A dictionary is more than a book of definitions; it is an index to a language, imposing an order on our inventory of words. Likewise a thesaurus is a table of contents, which takes the same stock of words but organizes them thematically rather than alphabetically. Both kinds of books reveal something about the underlying structure of the lexicon (the set of all words that make up a language). That structure is what mathematicians call a graph—a collection of "nodes" connected by "edges," usually drawn as a web of dots and lines.

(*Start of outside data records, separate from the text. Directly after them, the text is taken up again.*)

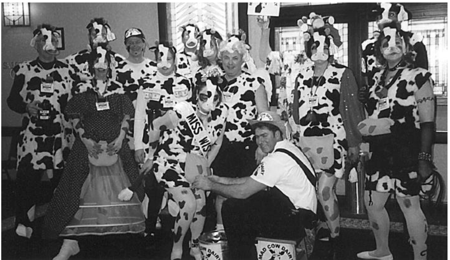
The Mad Cow Dairy Herd:at Chicago's weekend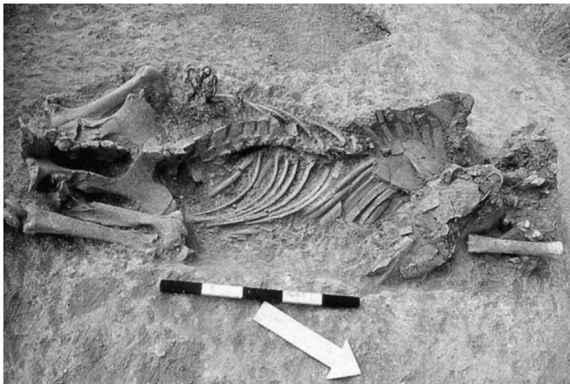
Fig. 3. Horse burial in the tumulus of Ladi (after Triantaphyllos Terzopoulou 2006).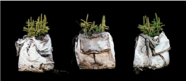
07 Package of Power , 2020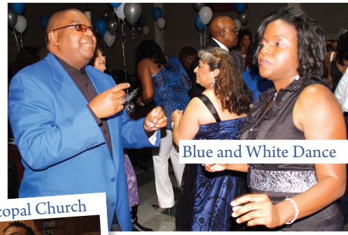
Blue and White Dance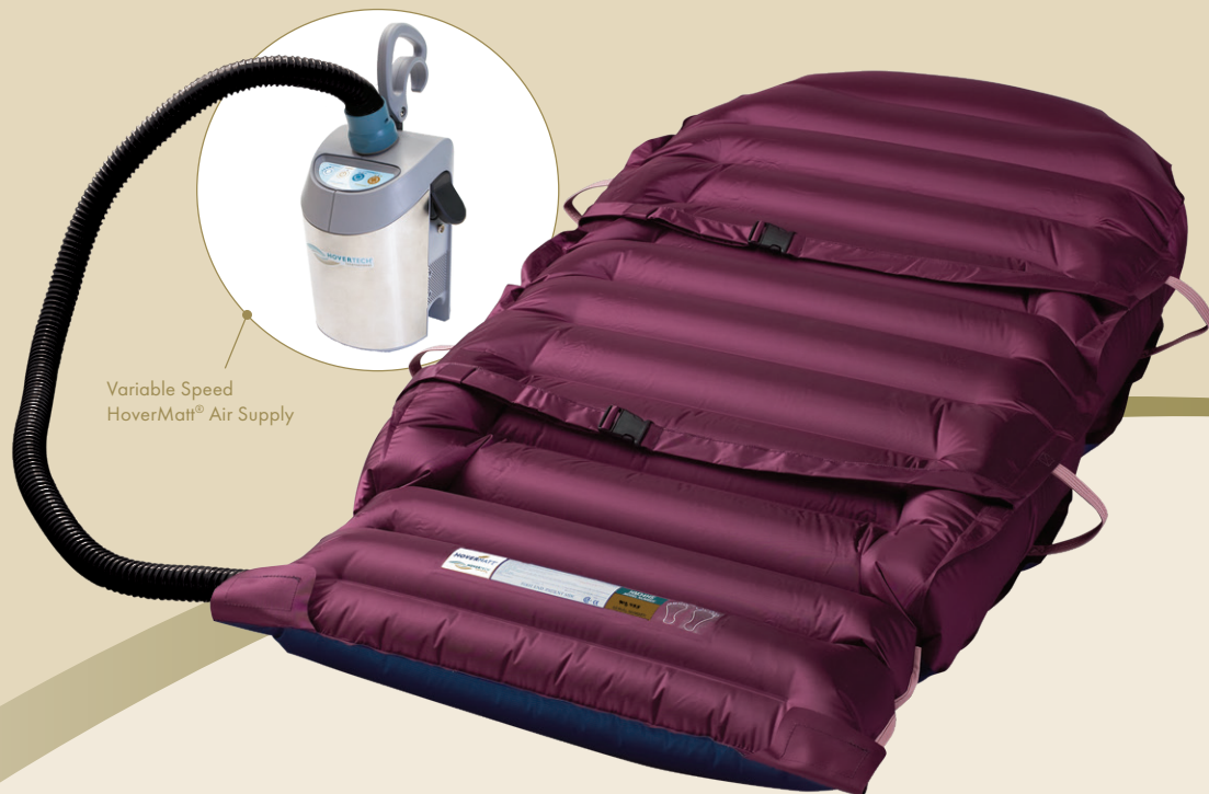
Variable Speed HoverMatt® Air Supply

The HoverMatt® air transfer system is the number one choice of hospitals for lateral patient transfers and patient repositioning. When inflated, a cushion of air beneath the mattress enables caregivers to safely transfer patients without lifting or straining. By reducing injuries related to lateral transfers and repositioning, the HoverMatt® air transfer system helps to improve staff retention while meeting legislative guidelines for safe patient handling.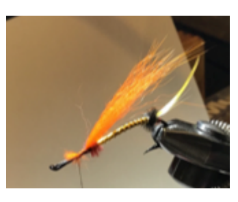
Wings: This is where the fun starts! Tie in your first layer of Arctic Fox. In this case it is the orange one. Make sure it is sparse and fine. Follow this with red and blue!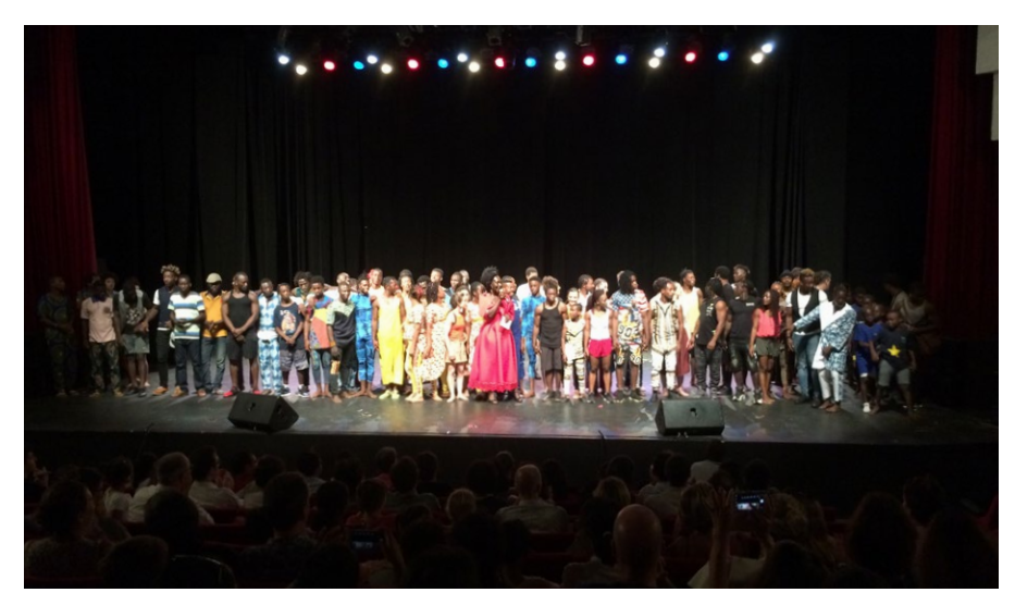
All the artists scheduled at the RICA during the opening night on the main stage of the French Institute

The next morning, we set off for the Fabrique Culturelle at Les Deux Plateaux in the Co-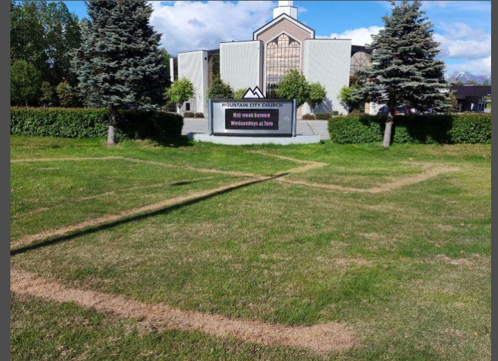
Must Read Alaska. "Vandals burn chemical swastika into lawn of Mountain City Church." June 14, 2023.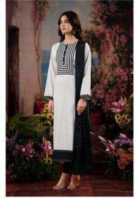
NE-C 2172 F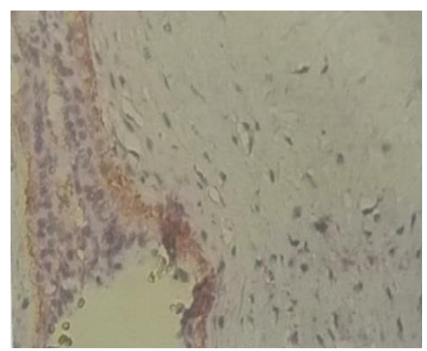
Figure 1: First miscarriage chorionic villi with positive expression of \beta -catenin (brownish cytoplasm)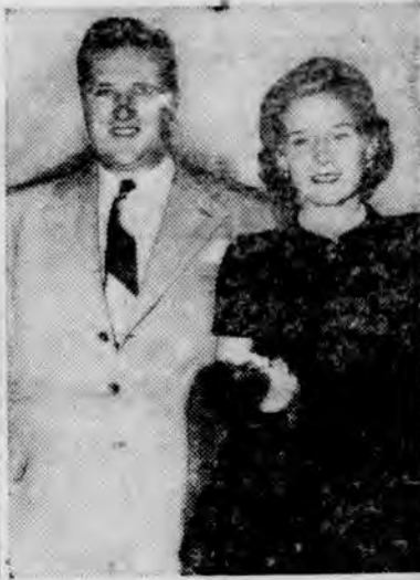
VACATION'S END . . . Henry Ford II and his wife arrive in New York aboard the Queen Elizabeth after short vacation trip. Ford faces a demand by CIO United Automobile Workers for a fourth-round pay boost.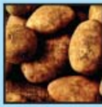
Premium Russet Potatoes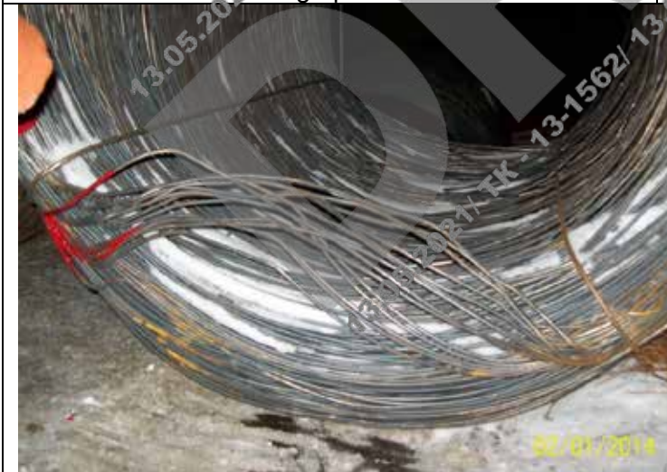
Damaged coils found

When a language is viewed as a mathematical graph, the nodes are words (or sets of words), and the edges are relations between them. Any dictionary will help you to walk from node to node through the graph. For example, in defining the word elegant, the American Heritage Dictionary offers delicate as a synonym; on looking up delicate, you find dainty among the meanings listed; dainty in turn leads you to the entry for exquisite; and among the meanings of exquisite is elegant again. In this way you trace out one of many loops, or cycles, within the graph defined by this particular dictionary.

Exploring small regions of a lexical graph is a familiar process; you do it mentally whenever you grope for the right word. But trying to construct a graph for an entire language is another matter entirely. English has well over 100,000 words, and they are related to one another in dozens or perhaps hundreds of ways. Finding and recording all the connections is a task on the same scale as compiling a large dictionary. Furthermore, it has to be done with great precision and consistency, because the goal is to create a mathematical structure in which the relations between words are so explicit that the graph can be explored and manipulated algorithmically.

The construction of a lexical graph for English has been under way for almost 15 years in a project called WordNet, which now includes some 168,000 words and 345,000 relations among them. WordNet is the work of George A. Miller and his colleagues in the Cognitive Science Laboratory at Princeton University. (Other contributors are Christiane Fellbaum, Randee I. Tengi and the late Katherine J. Miller.) A book describing WordNet and its applications has recently been published, and the database that defines the lexical graph is available via the Internet and on a CD-ROM, along with software for browsing the graph.